Chuanqi's patch to detect mixed std and std::experimental namespace use for coroutine types (D108696) was a little aggressive.
a) Users converting code might use a using-decl from std::experimental::coroutine_traits to std::coroutine_traits, or vice-versa. We should be silent about that, it's not problematic.
b) Users who have conflicting declarations in the two namespaces should be told about it, but we should not prevent compilation -- there's nothing ill-defined about having stuff in std::experimental. But you are probably confused. So this becomes a warning.
While there I reorganized the code -- we look in both places, if we found nothing bail. Otherwise check the thing we found is a template (prefering std's result here).

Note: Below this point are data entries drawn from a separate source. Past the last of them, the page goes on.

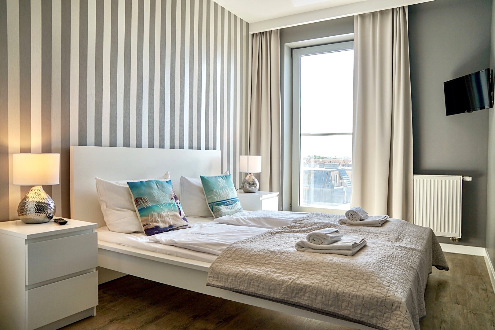 * Schlafzimmer mit Doppelbett und TV
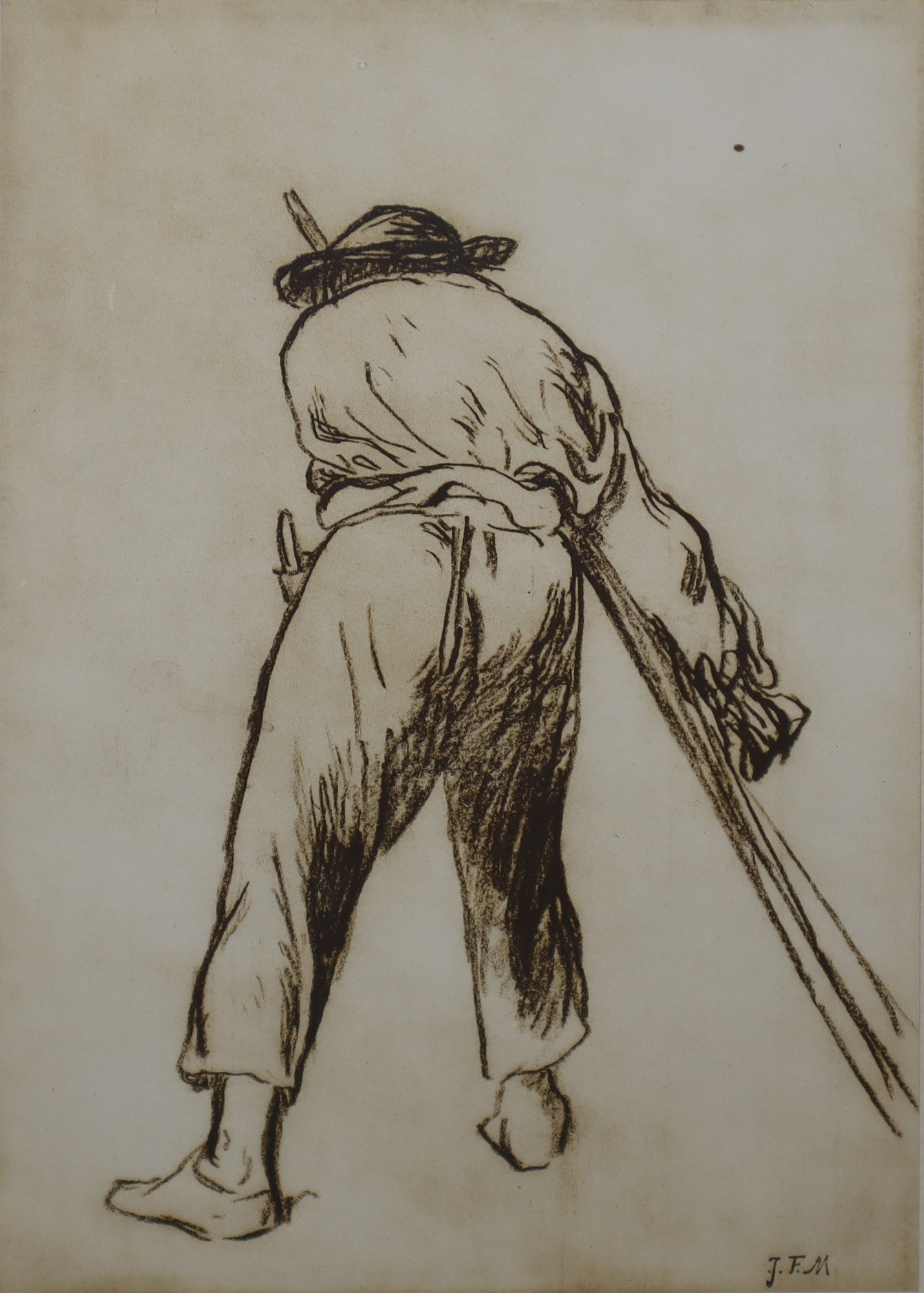 Uomo di spalle, XVIII secolo cm 25 x cm 16,5, in cornice cm 49 x cm 37 Stampa su carta Firmato in basso a destra .J.F.M
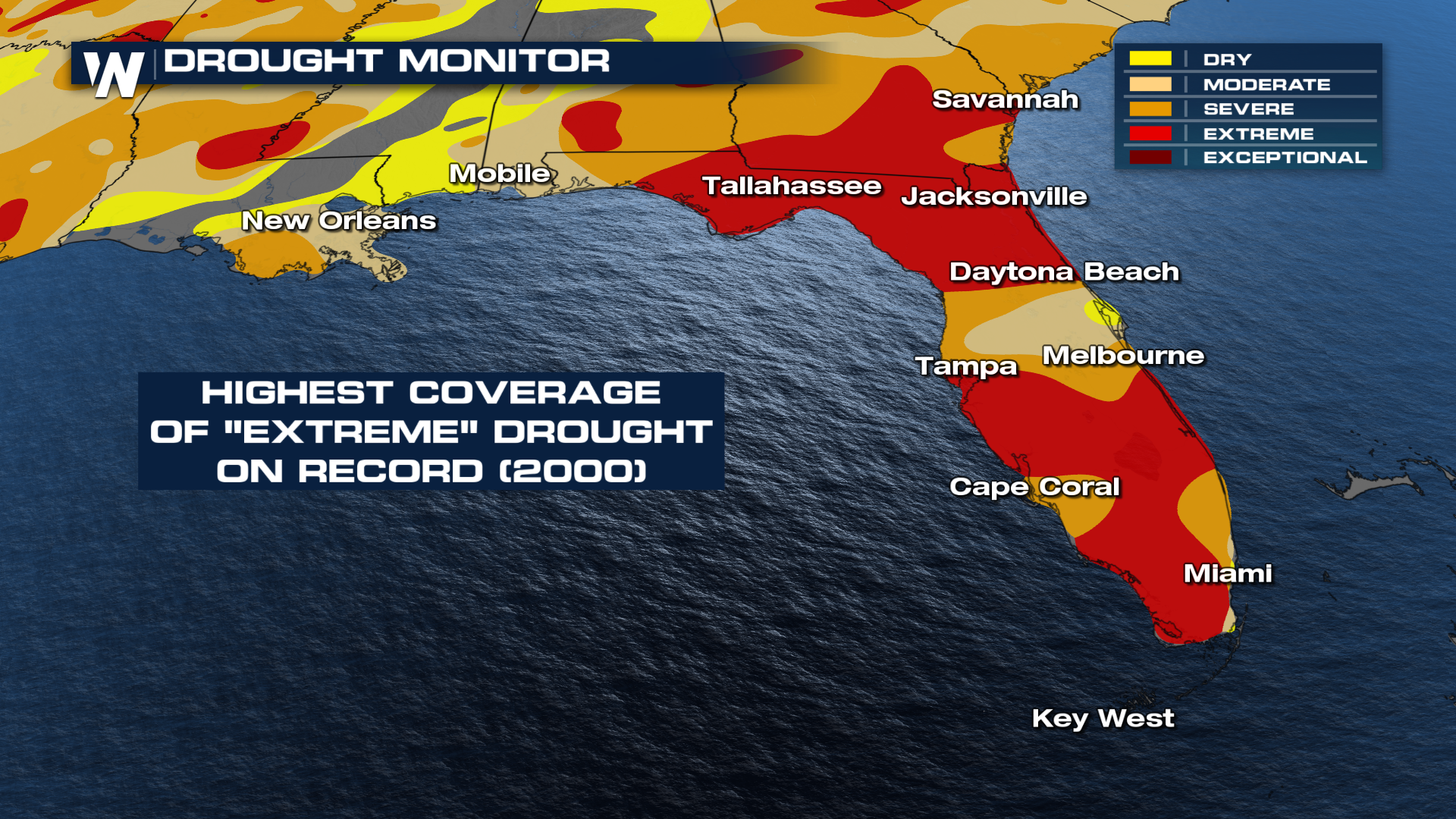 Unfortunately, much of Florida is experiencing Extreme Drought conditions. The coverage of this drought is the highest recorded since 2000. With strong winds, low relative humidity, and dry fuels, Red Flag Warnings and Watches have been issued for Louisiana, Mississippi, and most of Florida.
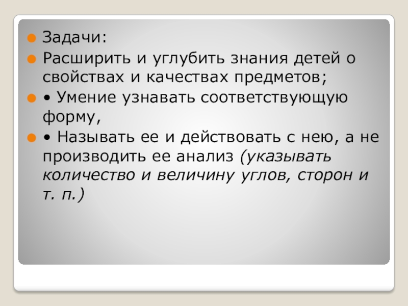 • Называть ее и действовать с нею, а не производить ее анализ (указывать количество и величину углов, сторон и т. п.)
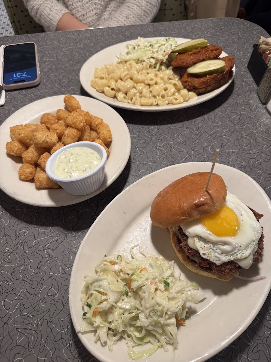 Super incredible vegan/vegetarian diner! I'm vegan and this is definitely a new go to spot for me in Cambridge. I came here with a friend around 5pm on a Saturday night, and we were able to get seats at the counter immediately. All the staff and waiters were super welcoming and friendly. The interior is clean and inviting, and the whole place gives off Pizza Planet from Toy Story vibes. I had the vegan reuben, which was absolutely delicious. I tried the cheese and seitan beef separately and individually they were honestly a little odd, but the sandwich altogether was amazing. The slaw on the side was nice and tangy as well. Prices are not too high for the amount of food. Highly recommend!
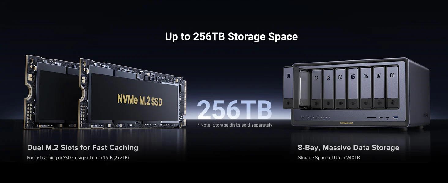 Maximální kapacita úložiště196TB (6x 30TB + 2x 8TB)

Then finally if we found it only in std::experimental, of if we found different things in both places also warn.
The diagnostics provide a note indicating the location of what we found, so the user is not left guessing where the problematic declaration resides.
Perhaps s/for coroutine/for coroutine components/. And then I wonder why there's a second sentence in this message — could you just emit warn_deprecated_coroutine_namespace as well?
If we're tightening up these messages, then maybe
For simple wording changes like the removal of "Please", or the refactor I just suggested, which then have trivial but distracting effects in the test files, personally I would suggest you split those wording changes into a teeny-tiny separate PR and get them landed ASAP. IIUC, the main point of this PR is to downgrade this err_ into a warn_.